Task objective:
The full listing should be written out verbatim, and its images should be dropped.

Supplied data:
^^^^
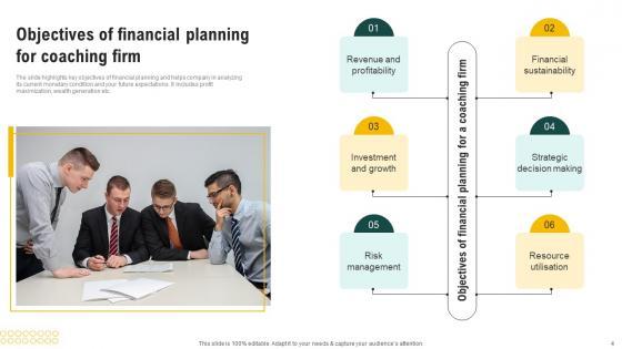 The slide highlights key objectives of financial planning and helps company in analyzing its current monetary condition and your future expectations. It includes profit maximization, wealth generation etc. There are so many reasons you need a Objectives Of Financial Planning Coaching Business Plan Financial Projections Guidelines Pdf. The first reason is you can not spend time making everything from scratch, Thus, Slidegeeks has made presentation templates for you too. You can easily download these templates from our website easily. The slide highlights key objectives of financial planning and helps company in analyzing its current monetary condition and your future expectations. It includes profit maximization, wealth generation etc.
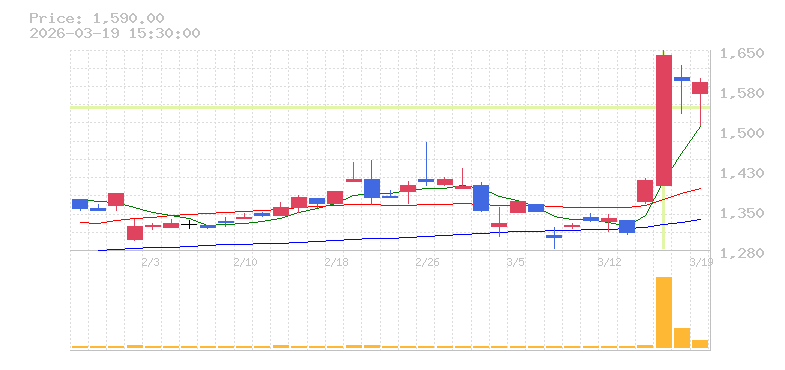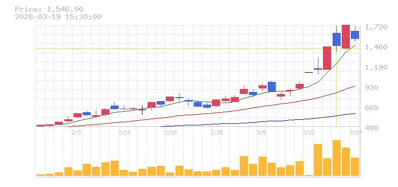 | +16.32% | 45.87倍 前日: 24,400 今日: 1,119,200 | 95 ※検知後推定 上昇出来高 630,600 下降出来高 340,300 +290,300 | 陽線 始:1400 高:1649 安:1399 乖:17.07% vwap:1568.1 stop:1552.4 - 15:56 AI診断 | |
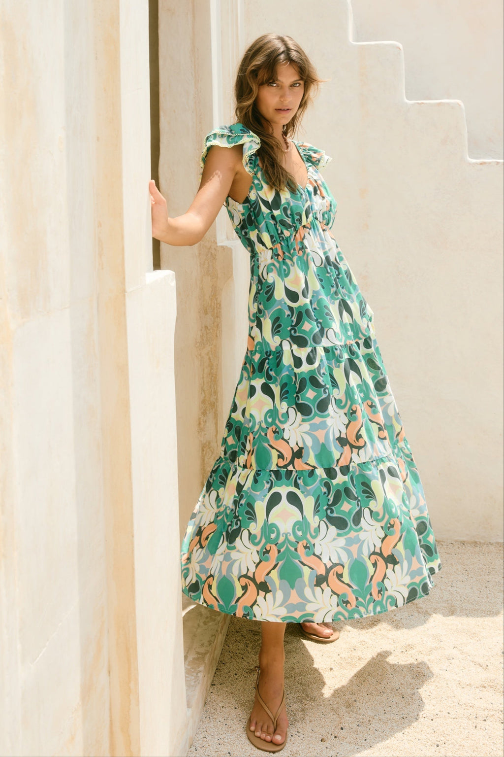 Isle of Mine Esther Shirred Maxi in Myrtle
^^^^
Result for this task:
 The slide highlights key objectives of financial planning and helps company in analyzing its current monetary condition and your future expectations. It includes profit maximization, wealth generation etc. There are so many reasons you need a Objectives Of Financial Planning Coaching Business Plan Financial Projections Guidelines Pdf. The first reason is you can not spend time making everything from scratch, Thus, Slidegeeks has made presentation templates for you too. You can easily download these templates from our website easily. The slide highlights key objectives of financial planning and helps company in analyzing its current monetary condition and your future expectations. It includes profit maximization, wealth generation etc.
 | +16.32% | 45.87倍 前日: 24,400 今日: 1,119,200 | 95 ※検知後推定 上昇出来高 630,600 下降出来高 340,300 +290,300 | 陽線 始:1400 高:1649 安:1399 乖:17.07% vwap:1568.1 stop:1552.4 - 15:56 AI診断 | |
 Isle of Mine Esther Shirred Maxi in Myrtle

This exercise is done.